The defendant admitted cutting the dam, but interposed as set out by his counsel in his abstract the following defenses, viz:

First. That the dams in question were a nuisance, both of a public and private nature.

*302Second. That the plaintiffs had no right, by contract or otherwise, to erect said dams or maintain them. That said dams were not temporary dams as alleged, but were intended to stand either permanently or long enough to inflict irreparable injury upon defendant.

Third. That the dams flowed the water back upon him and rendered his lands unfit for cultivation.

Upon final hearing of the cause, the chancellor found the issues in favor of the plaintiffs; and a decree was entered perpetually restraining defendant from destroying or attempting to destroy the temporary dams of the plaintiffs on the real estate described in the complaint and set forth in the decree.

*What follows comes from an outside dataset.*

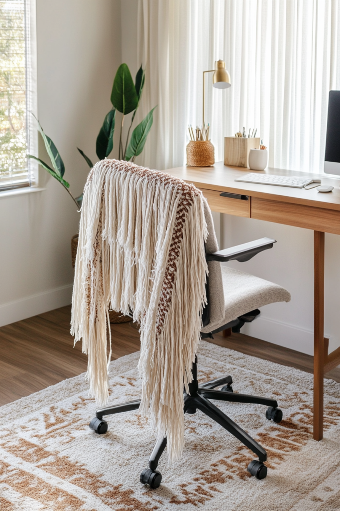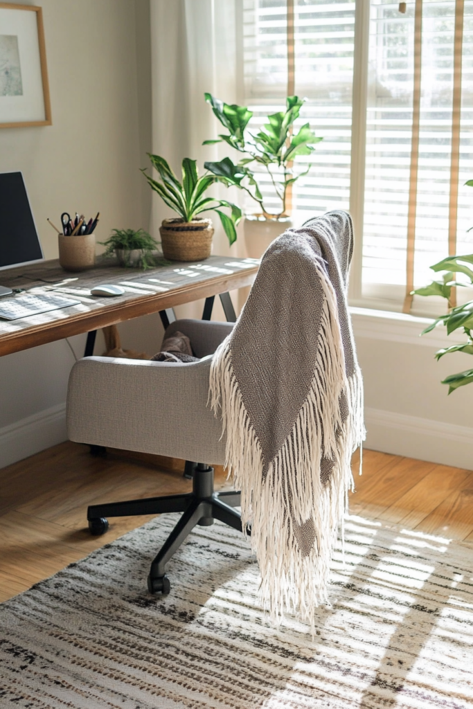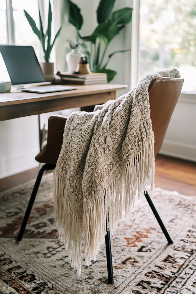 A fringed throw blanket adds a cozy touch to your office. You can drape it over your chair or keep it nearby for those chilly days.

The defendant has appealed.

By the terms of the deeds the title to the timber on the lands in controversy became vested in the plaintiffs. In express terms, they were given the free right of ingress and egress for the purpose of removing said timber or the products thereof. The only exception made to this grant was that they should not for this purpose use the cultivated lands. The clause in the deed above quoted, we think, gave plaintiffs the right to float the logs out upon the watercourses upon the lands, as well as to haul them away by land. The only restriction would be that they must not injure the defendant in so doing.

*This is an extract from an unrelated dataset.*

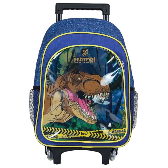 A Mochila com Rodinhas Raptor Azul e Amarelo da BRW possui rodas com silicone, visor externo para nome da criança e alça do carrinho com trava.

It is claimed by the defendant that the dam caused the water to rise in the slough, and that it was thus backed over his adjoining lands, overflowing those in cultivation and preventing him from clearing other land; for which he already made a contract.

On the other hand, the plaintiffs claim that the dam was so constructed that it could only raise the water five inches, and that when it rose higher than five inches it would flow over and around the edges of the dam. They claim that it was necessary for them to raise the water in the slough five inches in order that they might at all times have sufficient water to float the logs. They adduced testimony tending to establish their contention, and to show that they had carefully measured the stage of the water before and after the dam was constructed, and that after the dam was constructed the water was never raised more than five inches; that the opening left at the ends was sufficient to carry *303away all water in times of flood in excess of that. Their evidence also tended to show that they had examined the lands of the defendant after the erection of the dam, and that the water had not been raised sufficient to overflow or to injure them.

The evidence for the defendant contradicted their testimony, but the chancellor found the issue in this respect in favor of the plaintiffs, and we can not say that his findings are against the weight of the evidence.

It has been so often held that a chancellor’s finding of fact will be sustained on appeal unless against the preponderance of the evidence that a citation of any adjudicated cases on that point is not necessary. No useful purpose could be served in setting out in detail the evidence on the facts. It is sufficient to say that we have carefully examined it.

We find no prejudicial error in the record, and the decree is affirmed.